Data for review
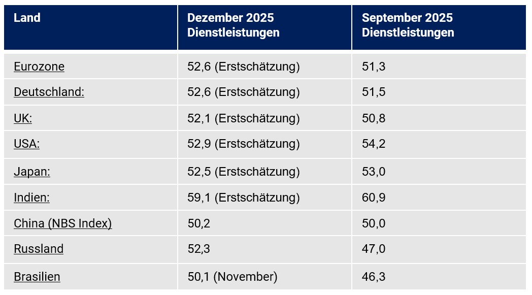 Der Dienstleistungssektor bewegte sich im 4. Quartal 2025 laut Einkaufsmanagerindices in einer Gesamtbetrachtung (Ausnahmen USA, Japan, Indien) im erhöhten Wachstumsmodus und sorgte für die gute Performance der Einkaufsmanagerindices bezüglich der Gesamtwirtschaft (Composite Indices).
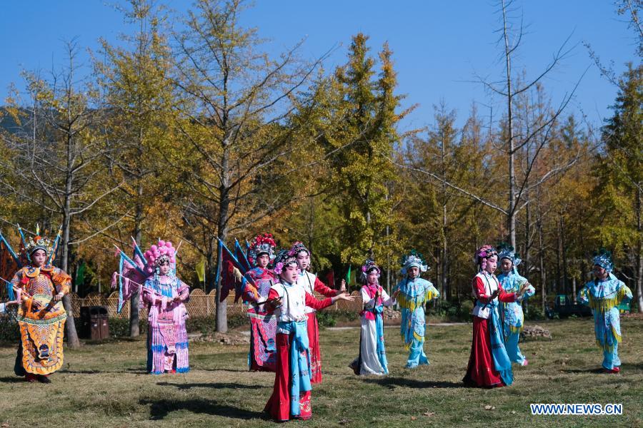 Children perform Peking Opera at a park of ginkgo trees in Xiaopu Township of Changxing County, east China's Zhejiang Province, Nov. 12, 2020. More than 30,000 ginkgo trees here have attracted lots of visitors as the leaves change colours in autumn. (Xinhua/Xu Yu)
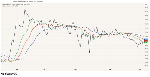 Попробуй с акциями компаний из прошлого задания (LKOH, NLMK, SGZH, AKRN) проанализировать тренды с помощью двух инструментов: ЕМА- 90 и Аллигатора. Выдели для самого себя временные периоды, в которых Аллигатор помогает тебе идентифицировать восходящую или нисходящую тенденцию и подтверждает выводы, полученные с помощью ЕМА-90.
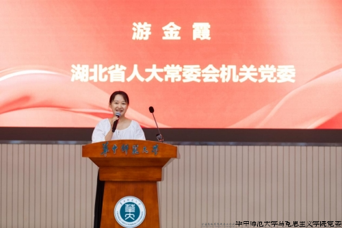 湖北省人大常委会机关党委青年干部、省人大常委会机关“人民代表大会制度在湖北”展示厅青年志愿者讲解队队长游金霞作了《人民至上》主题宣讲。她通过自己在工作岗位上的两个小故事,还原了总书记在湖北考察时体现的人民至上理念。
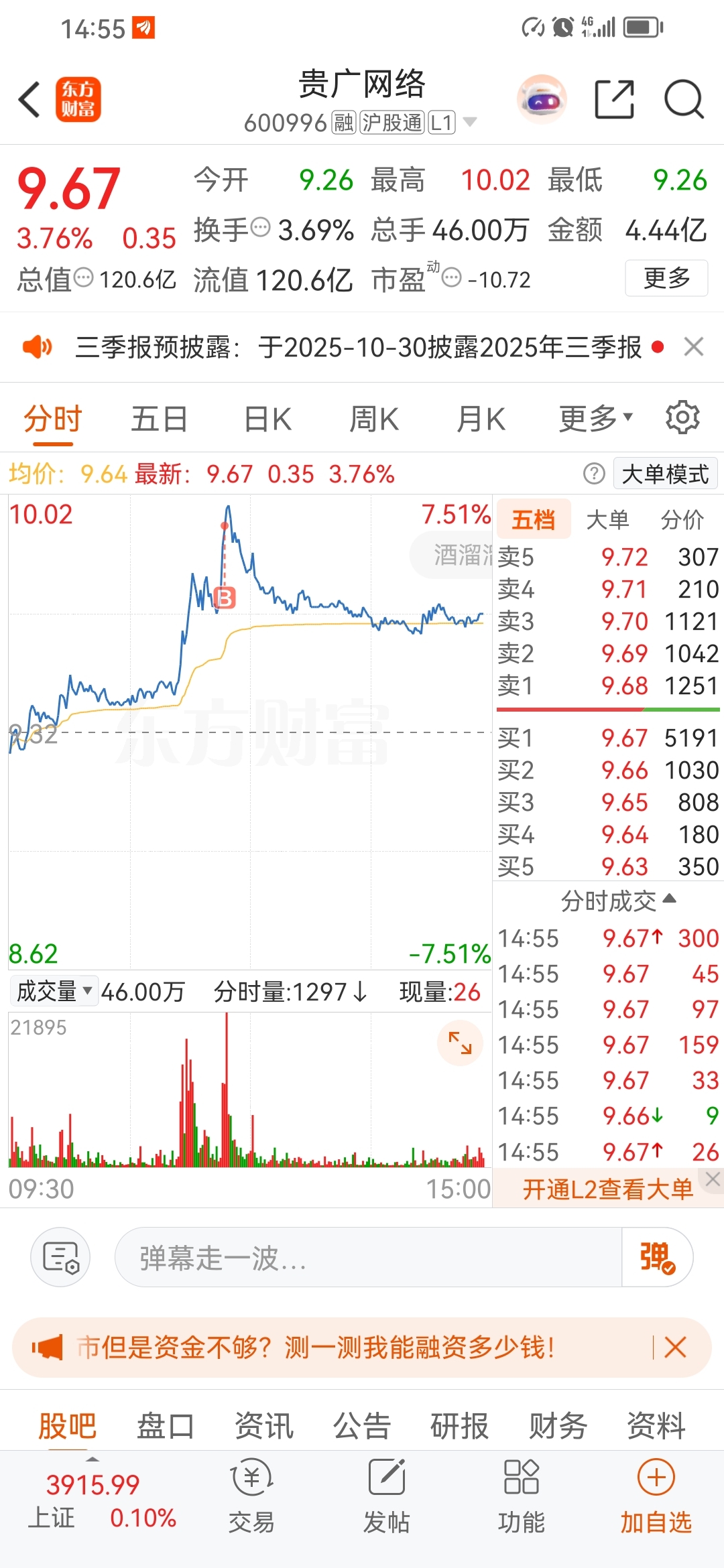 $贵广网络(SH600996)$ 我买的票基本完蛋
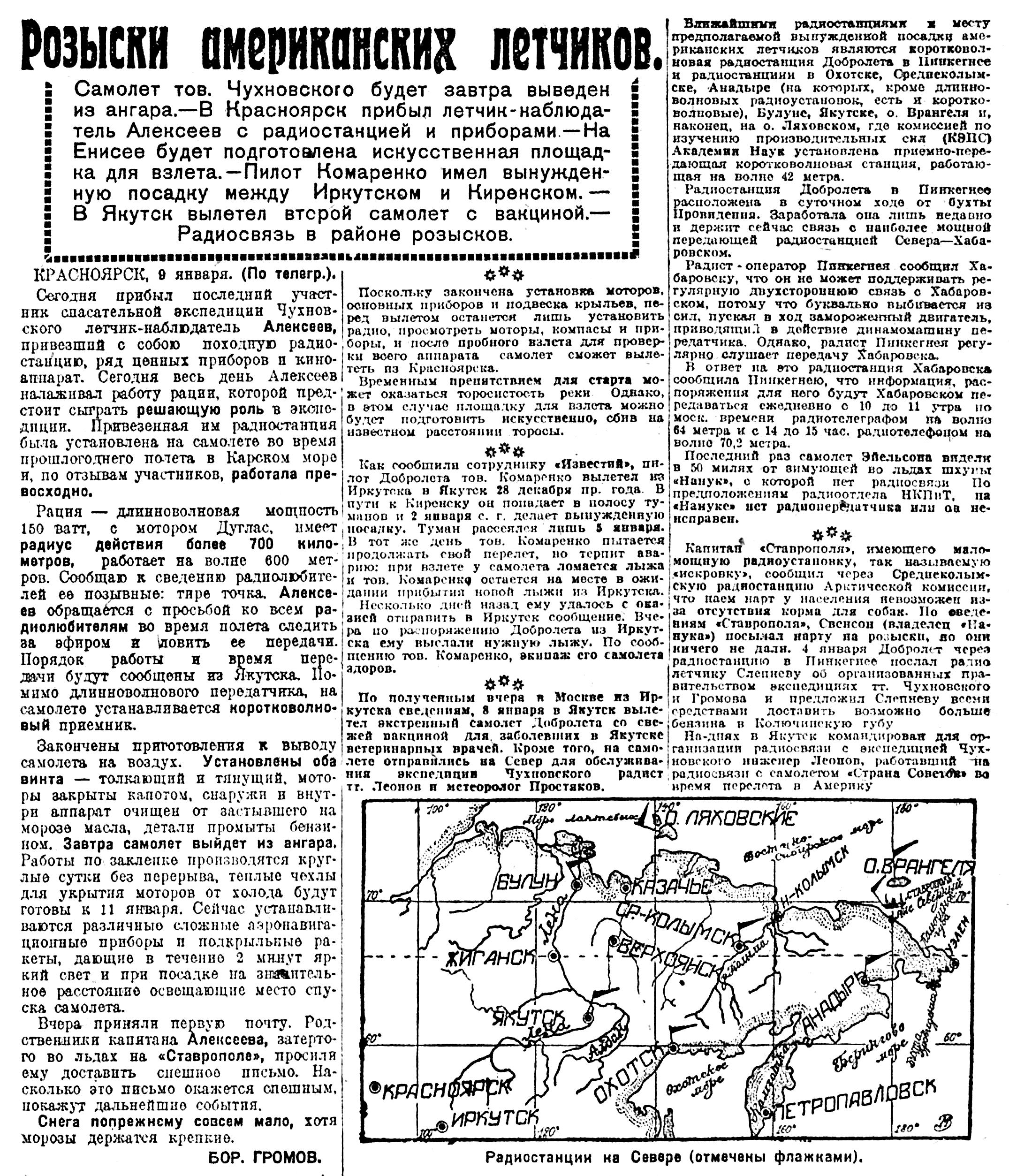 Капитан "Ставрополя", имеющего маломощную радиоустановку, так называемую "искровку", сообщил через Среднеколымскую радиостанцию Арктической комиссии, что наем нарт у населения невозможен из-за отсутствия корма для собак. По сведениям "Ставрополя", Свенсон (владелец "Нанука") посылал нарту на розыски, но они ничего не дали. 4 января Добролет через радиостанцию в Пинкегнее послал радио летчику Слепневу об организованных правительством экспедициях тт. Чухновского и Громова и предложил Слепневу всеми средствами доставить возможно больше бензина в Колючинскую губу
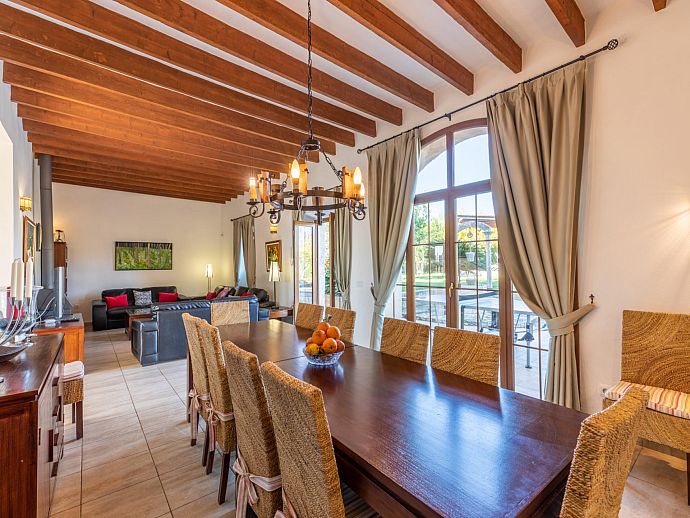 A substantial amount of holiday time will surely be apportioned to the shady, beamed terrace, a couple of steps from the pool. With in-built barbecue, long wooden table and direct access to the house through scenic windows spanning ceiling to floor, the main focal point naturally shifts to this area, as the sun goes down and the rumblings of hunger begin.
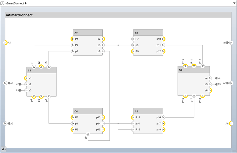 From the toolstrip, on the Connect tab, select Smart Connect. Connections are made using the default port connection policy, establishing connections between ports of the same name.
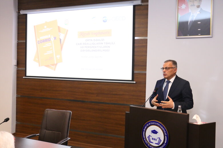 Açılış nitqi ilə çıxış edən BSU-nun rektoru Anar Nağıyev Ümummilli Lider Heydər Əliyevin siyasi kursunun layiqli davamçısı, Azərbaycan Respublikasının Prezidenti cənab İlham Əliyevin rəhbərliyi altında qəhrəman şəhidlərimizin igidliyi sayəsində əldə olunan Zəfərin 5 illiyi münasibətilə tədbir iştirakçılarını təbrik edib. O, Zəfərin əldə edilməsindən sonrakı dövrdə ölkəmizin siyasi-iqtisadi sahədə qazandığı nailiyyətlərdən danışıb, Azərbaycanın qlobal arenada yeni reallıqlar yaratdığını, artıq dünyada söz sahibi olan ölkəyə çevrildiyini diqqətə çatdırıb. Rektor “Orta Dəhliz: Cari reallıqların təhlili və perspektivlərin dəyərləndirilməsi” adlı kitabın əhəmiyyətindən bəhs edərək, nəqliyyat-tranzit imkanlarının genişləndirilməsinin müasir dövr üçün əhəmiyyətini vurğulayıb.
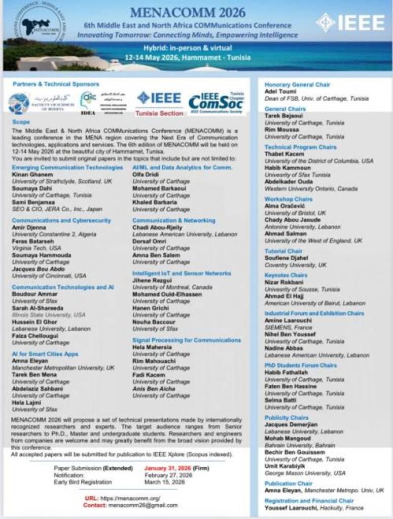 تنعقد الدورة السادسة لمؤتمر الاتصالات في الشرق الأوسط وشمال أفريقيا (MENACOMM) من 12 إلى 14 ماي 2026 في مدينة الحمامات.
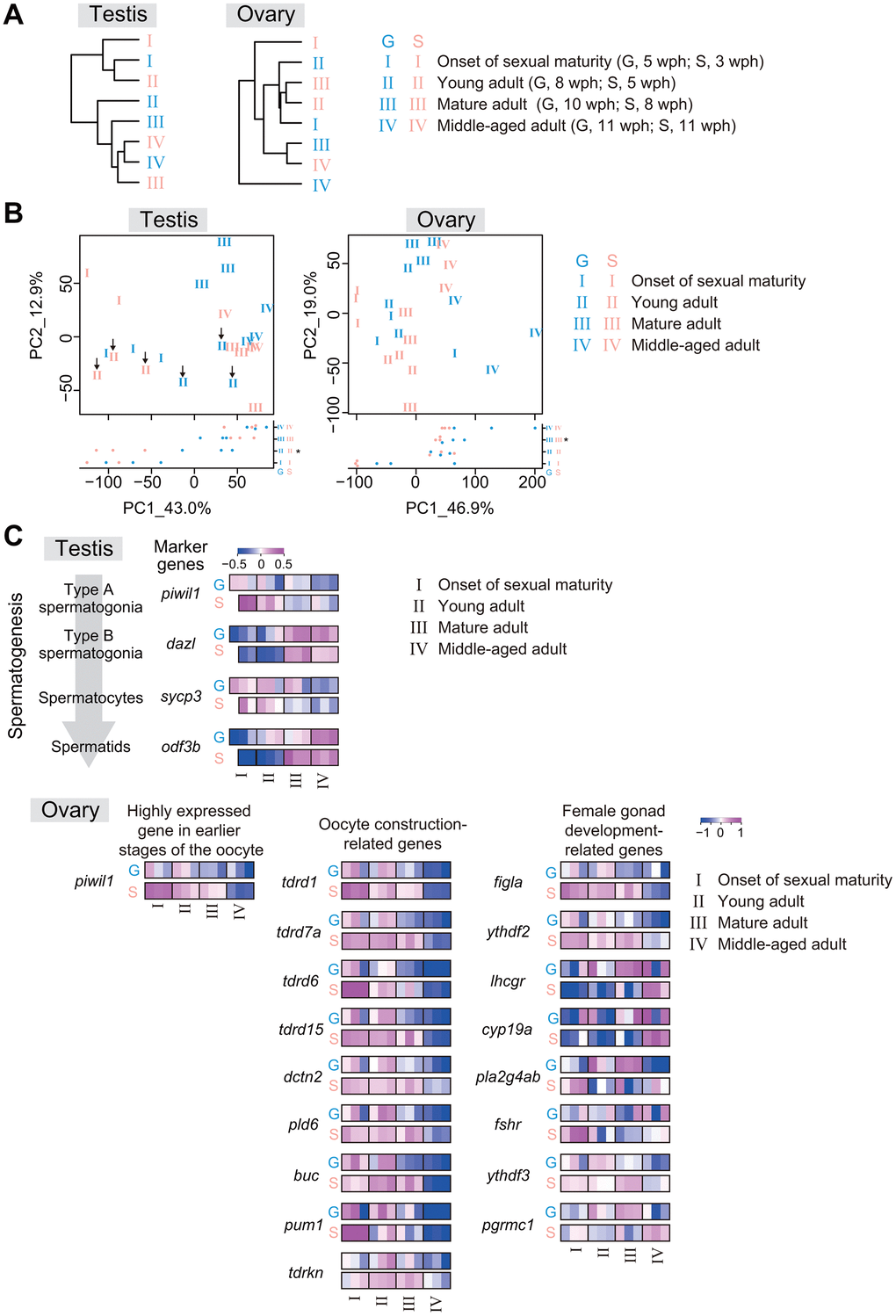 We suspected that the reduction in offspring number and increase in the egg-laying period in single-housed fish may be related to transcriptomic differences in the gonads. Therefore, we performed RNA sequencing analysis of testes or ovaries at four life stages: I, the onset of sexual maturity (G, 5 wph; S, 3 wph); II, young adult (G, 8 wph; S, 5 wph); III, mature adult (G, 10 wph; S, 8 wph); and IV, middle-aged adult (G, 11 wph; S, 11 wph) (Figure 2A). Interestingly, hierarchical clustering showed that single-housed fish tended to exhibit higher similarity to group-housed fish at earlier life stages than to group-housed fish at the same life stage in both the testes and ovaries (Figure 5A). For example, in the testes, single-housed fish at stage II exhibited the highest similarity to group-housed fish at stage I; in the ovaries, single-housed fish at stage II and III exhibited higher similarity to group-housed fish at stage I. These results suggest that the rate of gonadal transcriptional change with life stage progression in single-housed fish is slower than that in group-housed fish.
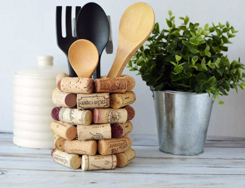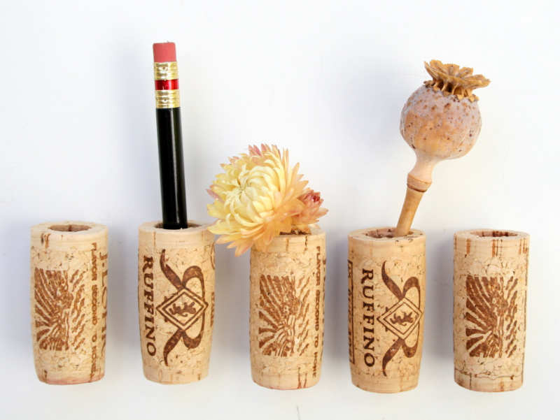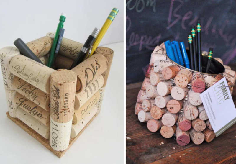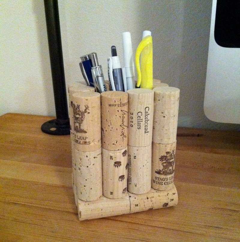 Актуална тема са органайзерите за канцеларски материали, които често падат и се губят, търкалят се под дивана или леглото. Необходими са ви десетина коркови тапи, за да създадете добре оформена конструкция с тънък шперплат като дъно. Не е погрешно просто да залепите консервна кутия.
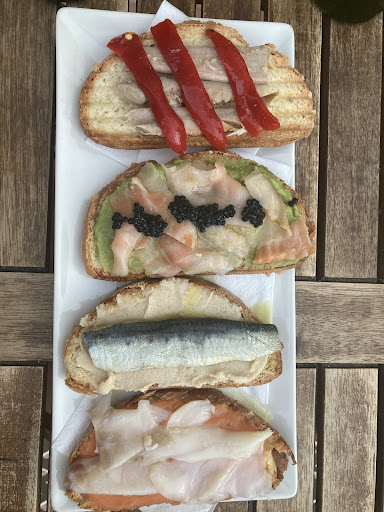 Las tostas muy ricas y el ambiente con las luces por la noche genial pero maaaaadre mía nos tiranos dos horas para que nos pusiesen dos vinos y dos tostas, a la hora y cuarto nos pusieron todo pero las tostas estaban mal en su pizarra (alguien decidió poner ventresca de salmón que ningún camarero conoce) y oye que les tuvimos que enseñar la pizarra para q viesen lo q habían puesto y nos trajesen la tosta de salmón y no de atún, bueno pues lo dicho que otra media hora de reloj para traer una tosta que no requiere preparación.
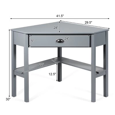 Do you need a computer desk or vanity table in your bedroom, but are frustrated because the room isn’t big enough? Our triangle corner table is a great option! This table can be placed in a corner and won’t take up a lot of space. Instead, it comes with an extra storage drawer and a bottom shelf that provides plenty of storage space. More details of thoughtfulness give you a better experience. This table also has non-slip foot pads to protect your floors. Moreover, the table top is made of high quality material that is waterproof and easy to clean. Elegant furniture with natural charm can bring a vintage atmosphere to your home. You can enjoy a private corner with this multi-functional corner desk, as it can be used as a computer desk, writing table, home office desk or dressing table
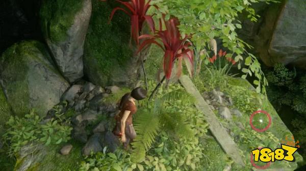 来到下图所示处所,用绳索钩住树枝,然后跳下去,然而先不要摆荡到对面去,回身往回看有一个岩石平台,跳到那里就能拿到宝藏。
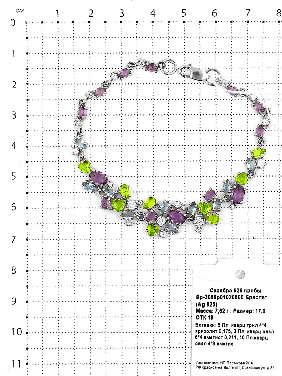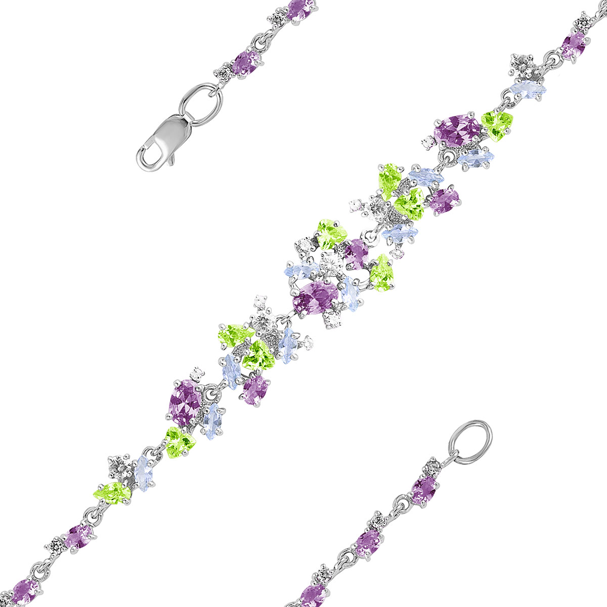 Браслет из серебра с пл.кварцем цв.хризолит, аметист, sky топаз и фианитами родированный Бр-3098р01020600
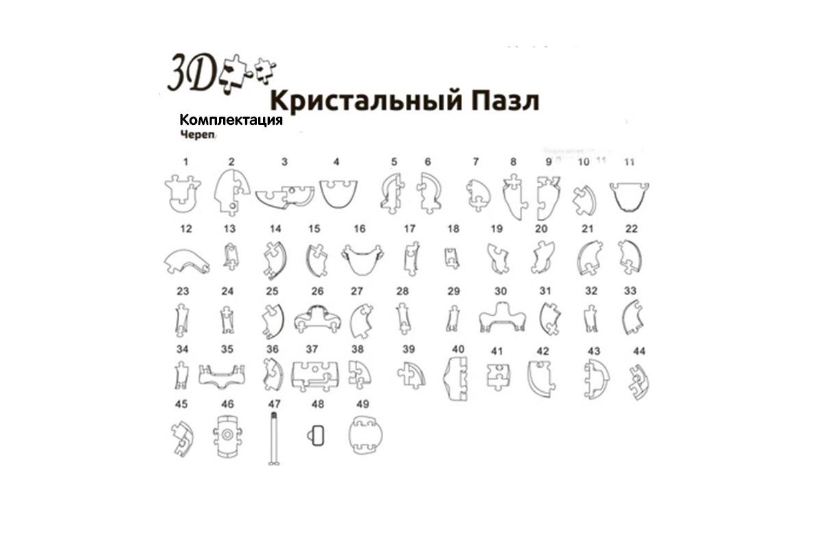 3D Crystal Puzzle - Череп без светящегося элемента. Детали изготовлены из высококачественной пластмассы, надежно скрепляются между собой и не разваливаются сами по себе, но при необходимости разбираются без особого труда. Конструктор состоит из 49 деталей, имеет четкую и понятную инструкцию. Возрастное ограничение 6 + Сложность сборки 3. Размер изделия: 7х10х10 см. Сборка осуществляется путем последовательного скрепления деталей. Схематичная инструкция находится внутри или на задней стороне коробки
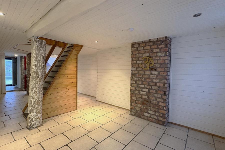 Aansluitend is een grote aanbouw die voorzien is van grote glaspartijen en uitkijkt uit op de tuin.
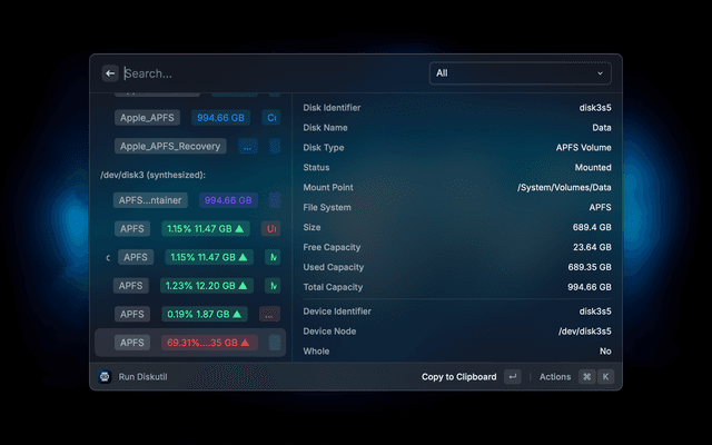 View your disks and volumes. An implementation of the macOS 'diskutil' command with quicker access to functionality, providing a better overview and a more user-friendly interface.
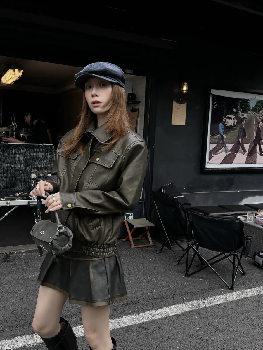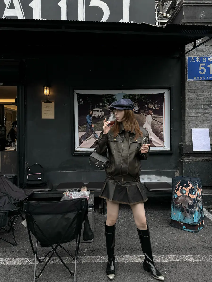NUTH23AW | 假期探店look,皮革套装上身,穿出时髦感很重要~💕

Task item
Return, exactly as they stand, the lines from the opening line of the listing through the line with "Children perform Peking", both ends counted, and no pictures.

Solution to the exercise
 Der Dienstleistungssektor bewegte sich im 4. Quartal 2025 laut Einkaufsmanagerindices in einer Gesamtbetrachtung (Ausnahmen USA, Japan, Indien) im erhöhten Wachstumsmodus und sorgte für die gute Performance der Einkaufsmanagerindices bezüglich der Gesamtwirtschaft (Composite Indices).
 Children perform Peking Opera at a park of ginkgo trees in Xiaopu Township of Changxing County, east China's Zhejiang Province, Nov. 12, 2020. More than 30,000 ginkgo trees here have attracted lots of visitors as the leaves change colours in autumn. (Xinhua/Xu Yu)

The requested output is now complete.